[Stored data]
□ □ □ □ □

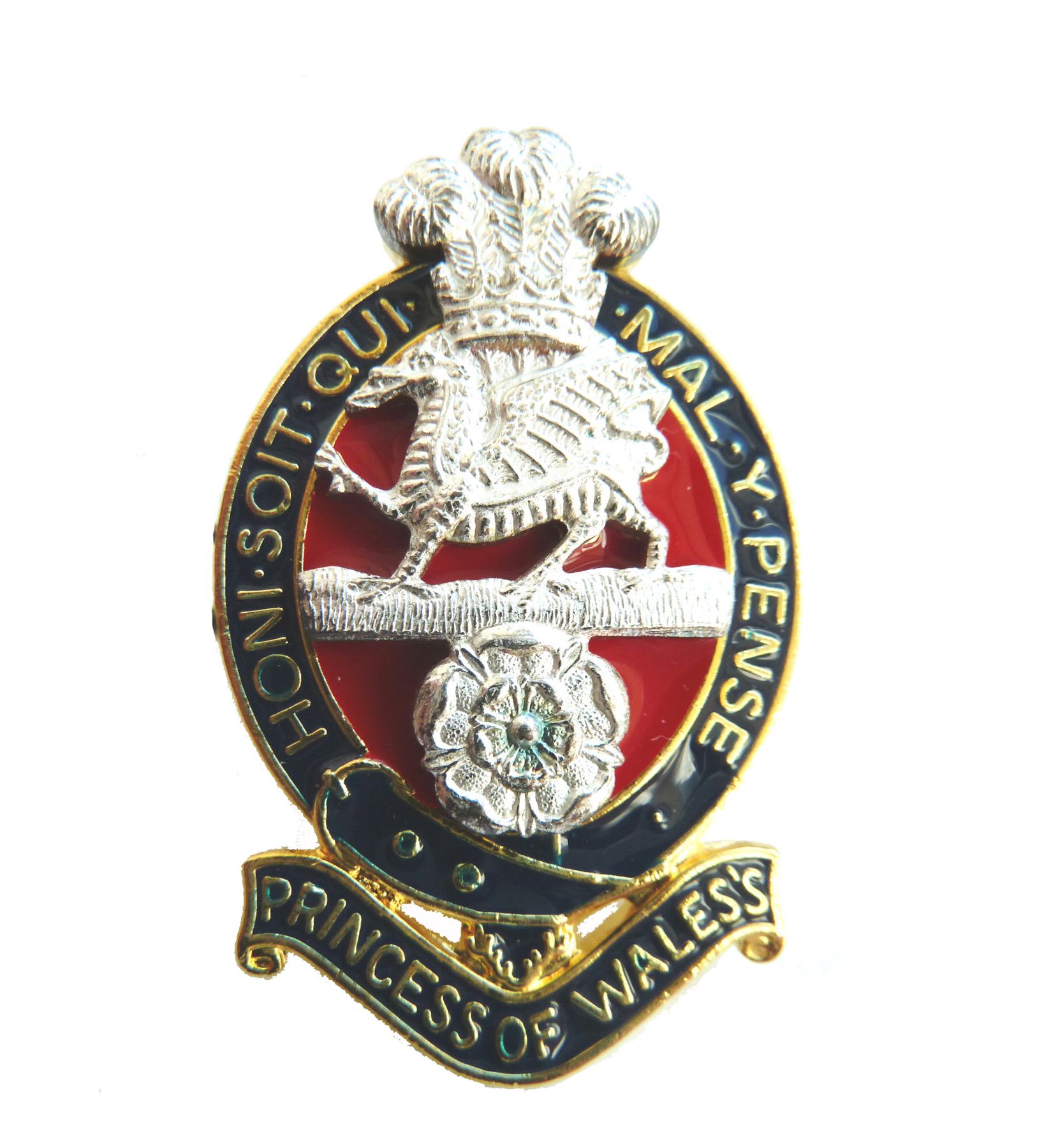 Official Description: Insignia, Service Cap. Princess of Wales's Royal Regiment. Officers: Gilding metal and nickel silver. Gilt and silver-plated. Red and blue enamel finish.
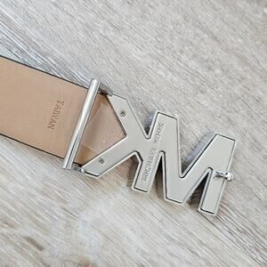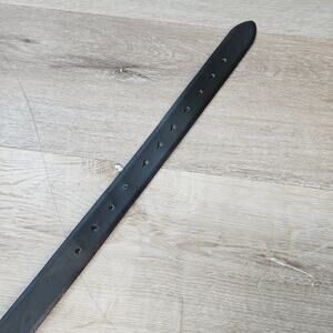 Michael Kors Black Leather Belt sz Small Silver Tone Buckle Tortoise Signature. retails $58. some condition from extra holes poked for additional sizing. measurements are approximately: total length 39 x 1 inches.
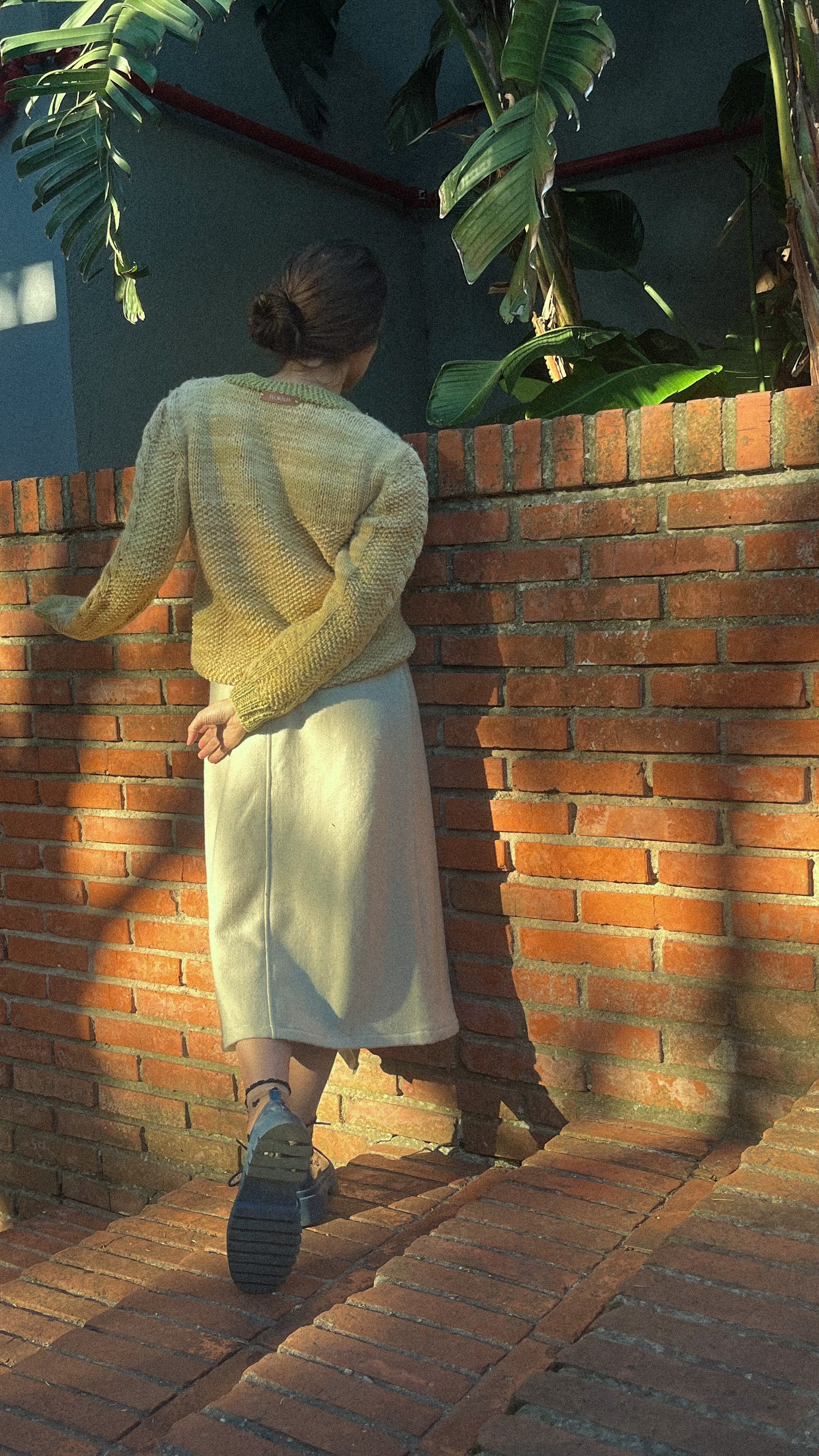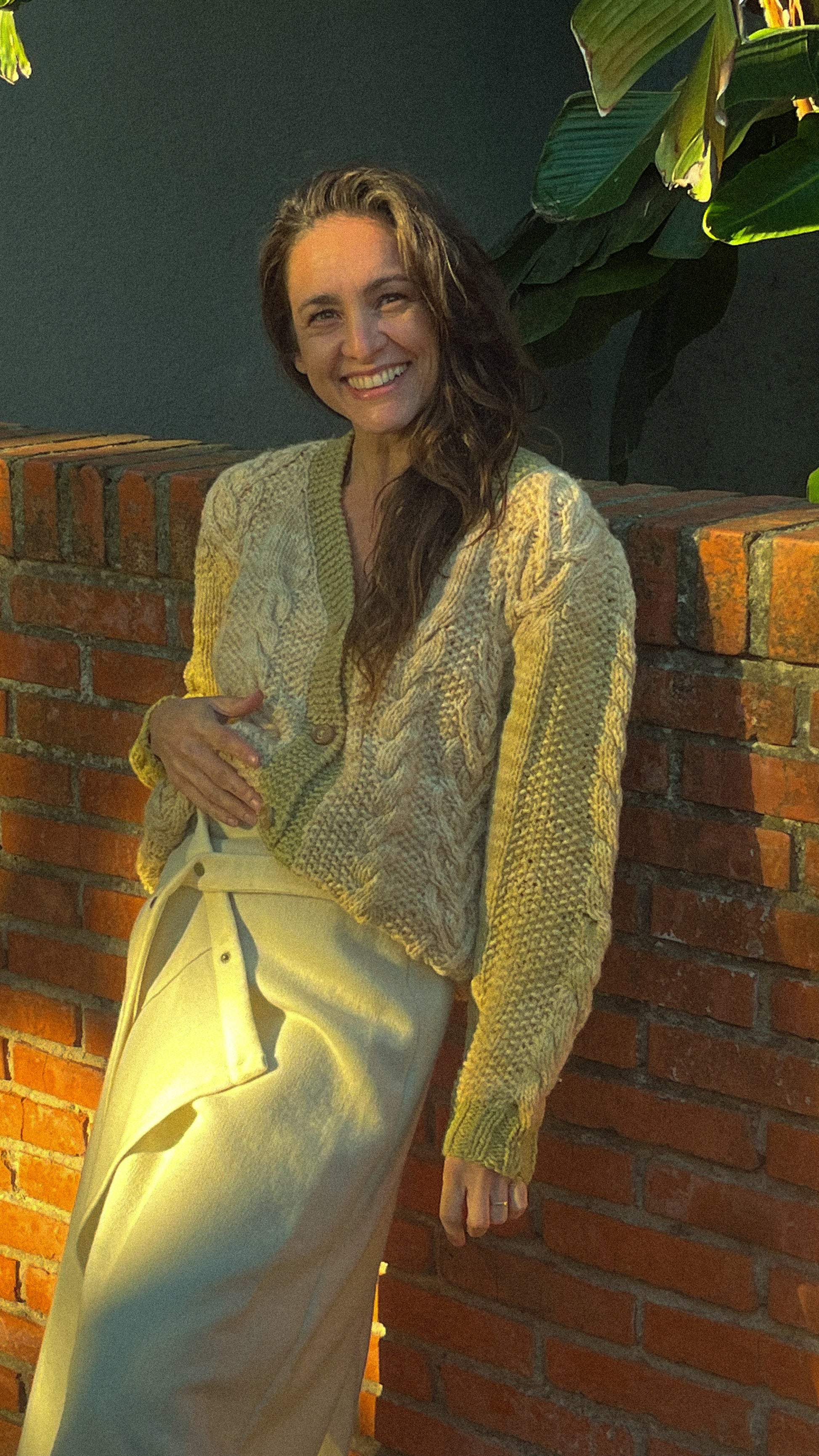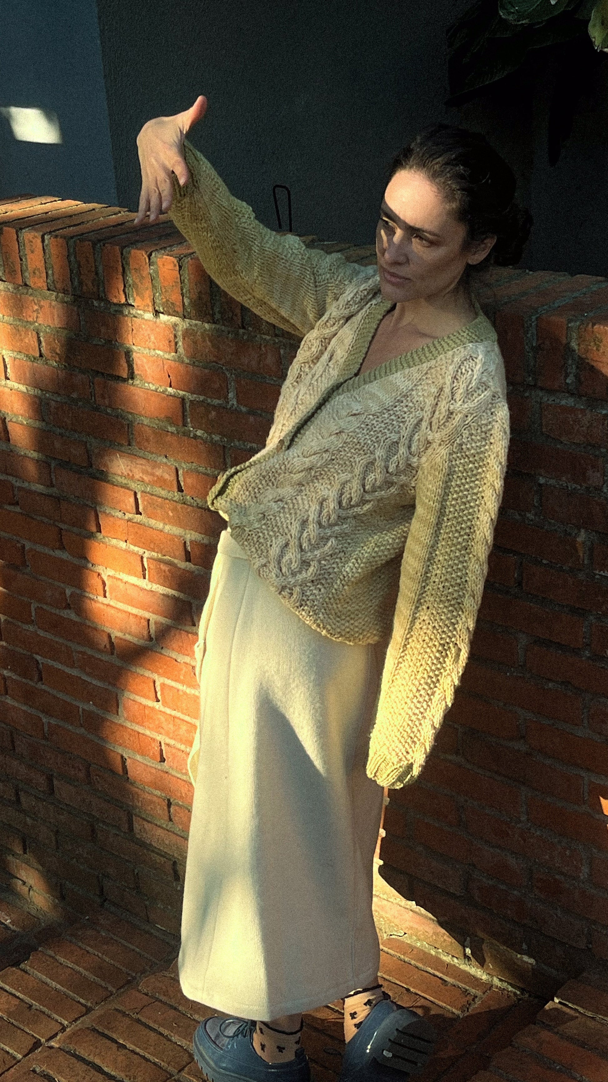 Cárdigan tejido a mano con trenzas y distintas texturas que enriquecen visual y táctilmente la prenda. Cada detalle celebra el oficio textil, desde sus puntos hasta los botones hechos en madera de olivo.
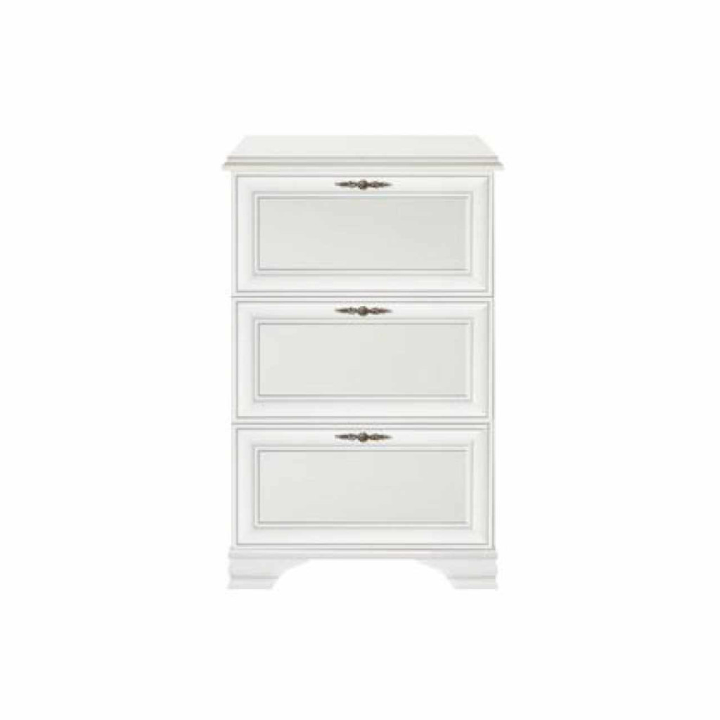 Anyag: laminált DTDSzín: alpesi fehérMéretek (SzxMéxMa): 80x19,5x123 cmAnyag vastagsága: 1,6 cmFém fogantyúkFogantyúk színe: antik ezüstHárom billentős fiókBillentős fiók teherbírása: 3 kgLábakonLábak magassága: 8 cmSzétszerelve szállítva
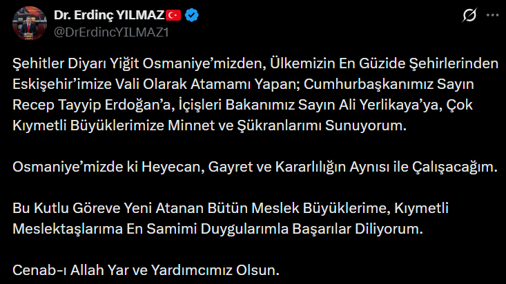 “Şehitler Diyarı Yiğit Osmaniye’mizden, Ülkemizin En Güzide Şehirlerinden Eskişehir’imize Vali Olarak Atamamı Yapan; Cumhurbaşkanımız Sayın Recep Tayyip Erdoğan’a, İçişleri Bakanımız Sayın Ali Yerlikaya’ya, Çok Kıymetli Büyüklerimize Minnet ve Şükranlarımı Sunuyorum. Osmaniye’mizde ki Heyecan, Gayret ve Kararlılığın Aynısı ile Çalışacağım. Bu Kutlu Göreve Yeni Atanan Bütün Meslek Büyüklerime, Kıymetli Meslektaşlarıma En Samimi Duygularımla Başarılar Diliyorum. Cenab-ı Allah Yar ve Yardımcımız Olsun.”
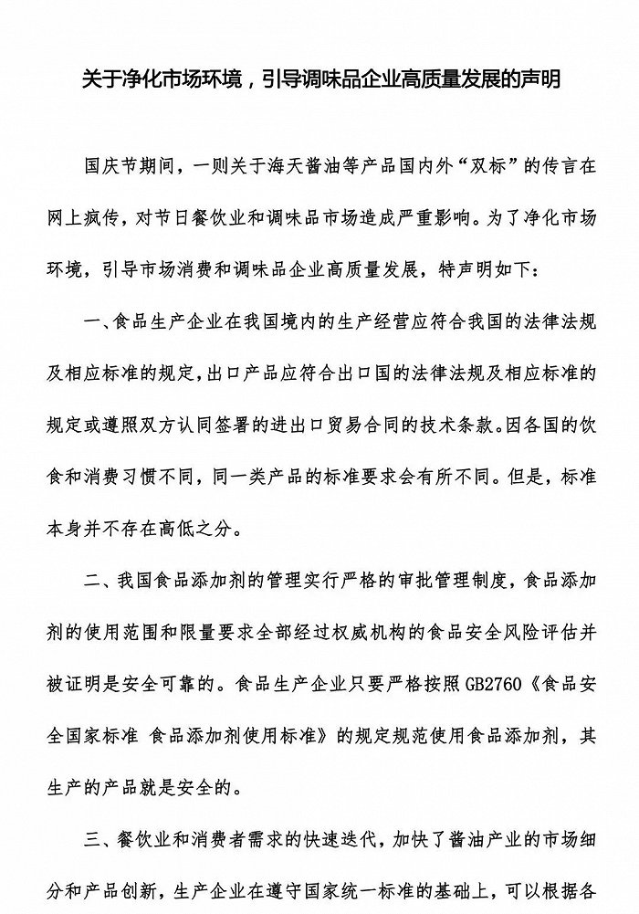 10月5日,中国调味品协会发布声明称,国庆节期间,一则关于海天酱油等产品国内外“双标”的传言在网上疯传,对节日餐饮业和调味品市场造成严重影响。此次事件的发生,对中国调味品的生产和市场造成了不良影响,我们对此深表遗憾,并支持因舆情受到影响的调味品企业依法维权,追究网络造谣者的法律责任。

□ □ □ □ □

:: Exercise aim ::
Repeat, word for word and with no pictures, only the lines running from the beginning of the data to the line that contains "Anyag: laminált DTDSzín: alpesi".

:: Written response ::
 Official Description: Insignia, Service Cap. Princess of Wales's Royal Regiment. Officers: Gilding metal and nickel silver. Gilt and silver-plated. Red and blue enamel finish.
 Michael Kors Black Leather Belt sz Small Silver Tone Buckle Tortoise Signature. retails $58. some condition from extra holes poked for additional sizing. measurements are approximately: total length 39 x 1 inches.
 Cárdigan tejido a mano con trenzas y distintas texturas que enriquecen visual y táctilmente la prenda. Cada detalle celebra el oficio textil, desde sus puntos hasta los botones hechos en madera de olivo.
 Anyag: laminált DTDSzín: alpesi fehérMéretek (SzxMéxMa): 80x19,5x123 cmAnyag vastagsága: 1,6 cmFém fogantyúkFogantyúk színe: antik ezüstHárom billentős fiókBillentős fiók teherbírása: 3 kgLábakonLábak magassága: 8 cmSzétszerelve szállítva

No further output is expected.